Подумала: надо узнать у дежурной телефон и позвонить из номера в аэропорт, узнать, во сколько завтра рейс на Москву, есть ли билеты. Если есть – улетит завтра. Если нет – при первом удобном случае. Она не будет ждать Павла. Последние сомнения после прогулки вдоль Амура исчезли. Словно бы утонули в серо-коричневых, тяжелых, отливающих свинцом волнах. Ведь они с Павлом все уже сказали друг другу, все свои «да» и «нет». Что прибавит новая встреча?

Рита вспомнила непреклонное выражение лица Павла, углубленный, словно внутрь себя самого устремленный взгляд. Он не передумает. Наоборот! Теперь, со смертью Марины Ивановны, не остается никого, кто отвлекал бы его от «гармонии с миром и собой». Он похоронит мать, вернется в Олкан, к подножию Багульной сопки, на каменистой гряде которой начертано имя Светланы, – и будет безропотно ожидать исхода своей жизни.
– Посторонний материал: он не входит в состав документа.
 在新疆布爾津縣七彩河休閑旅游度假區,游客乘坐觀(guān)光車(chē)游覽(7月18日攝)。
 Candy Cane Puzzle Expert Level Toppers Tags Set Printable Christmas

Рита подумала о его отце. Нет, Павел не в него. Да и, судя по всему, не в мать. Те были борцы – с миром и с самими собой, он – созерцатель. Ну что ж, пусть Bon Dieu наградит его вечным, непоколебимым душевным покоем!
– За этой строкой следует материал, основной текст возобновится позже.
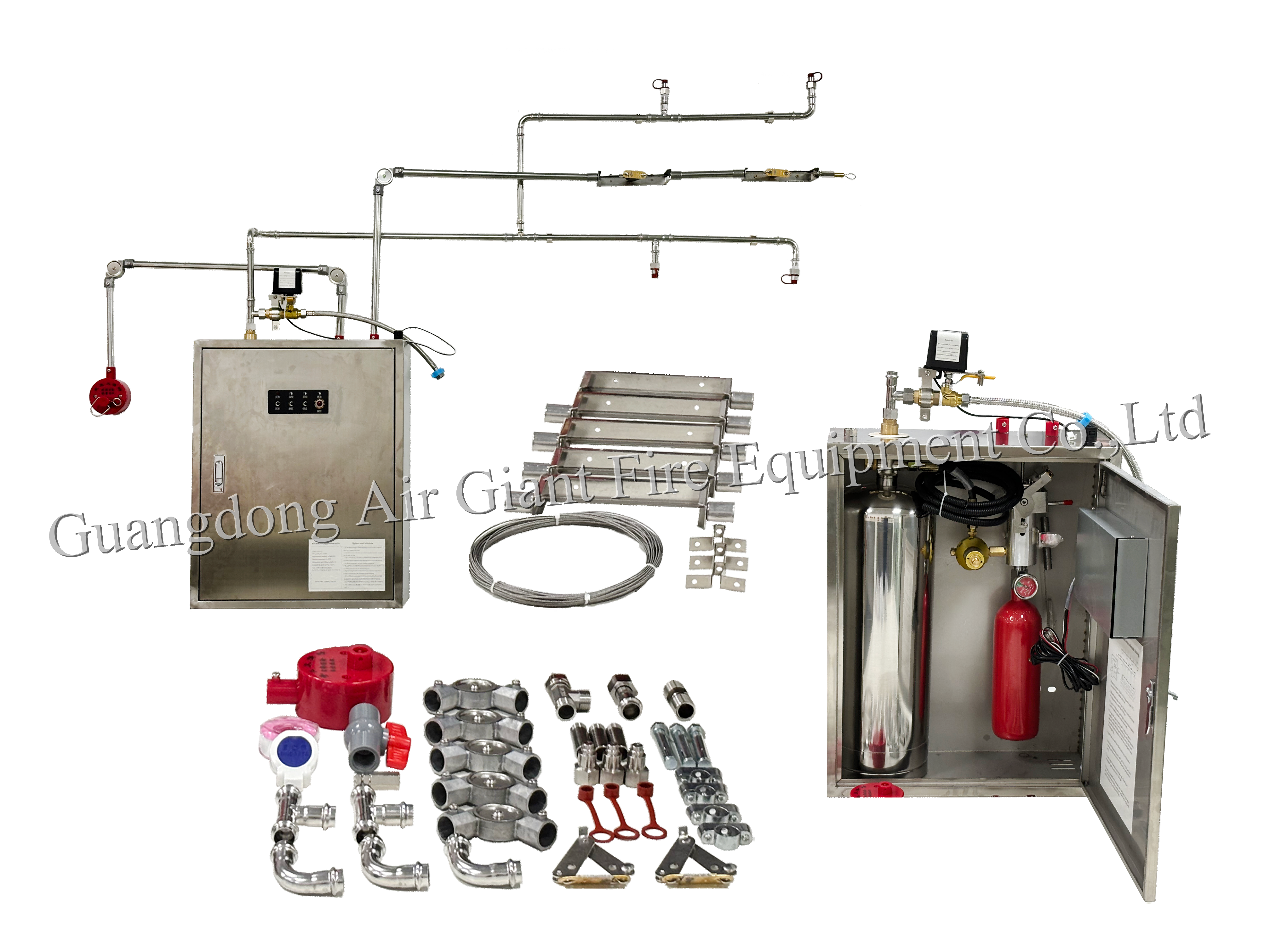 W celu lepszego zaradzenia powszechnym pożarom w kuchni, system gaśniczy jest wyposażony w specjalny środek gaśniczy przeznaczony do olejów kuchennych.bezwonny, niezanieczyszczające i łatwe w czyszczeniu, zapewniające bezpieczeństwo, a jednocześnie uwzględniające czyszczenie po użyciu.Może szybko gaszyć pożary spowodowane przez łatwopalne materiały, takie jak tłuszcz i skutecznie zapobiegać ponownemu zapaleniu się ognia.

Итак, в Москву… Но придется еще вернуться в Энск. Надо забрать оставшиеся у Федора вещи, подарки для парижского отделения Общества бывших участников Сопротивления, попросить его взять у Аксаковых фотографии, чтобы снять копии и передать Эвелине. Сама она к бывшим родственникам больше не пойдет. Ни за что!

Рита прикинула время, которое она проведет в России. Завтра вылетит в Москву, купит в «Интуристе» билет на рейс самолета «Эр-Франс» в Париж. Потом поездом в Энск. Два дня, не меньше, там. В общей сложности получится дня четыре… Тянуть нельзя. Ни в коем случае! У нее уже больше двух месяцев беременности, а аборт, как известно, можно делать только до трех. Короче, ей нужно быть в Париже самое позднее через неделю. И никакие силы не смогут ее задержать!

Но сначала следует зайти в «Гастроном» и купить хлеба. Такого же серо-белого, ноздреватого, какой она ела в Олкане. Иначе до завтра не дожить.

И Рита быстро пошла через дорогу к магазину, совершенно забыв о том, что человек предполагает, а Бог располагает, и далеко не всегда это – Bon Dieu.

1965 год

«Чушь какая-то!» – была его первая мысль, когда он получил эту информацию.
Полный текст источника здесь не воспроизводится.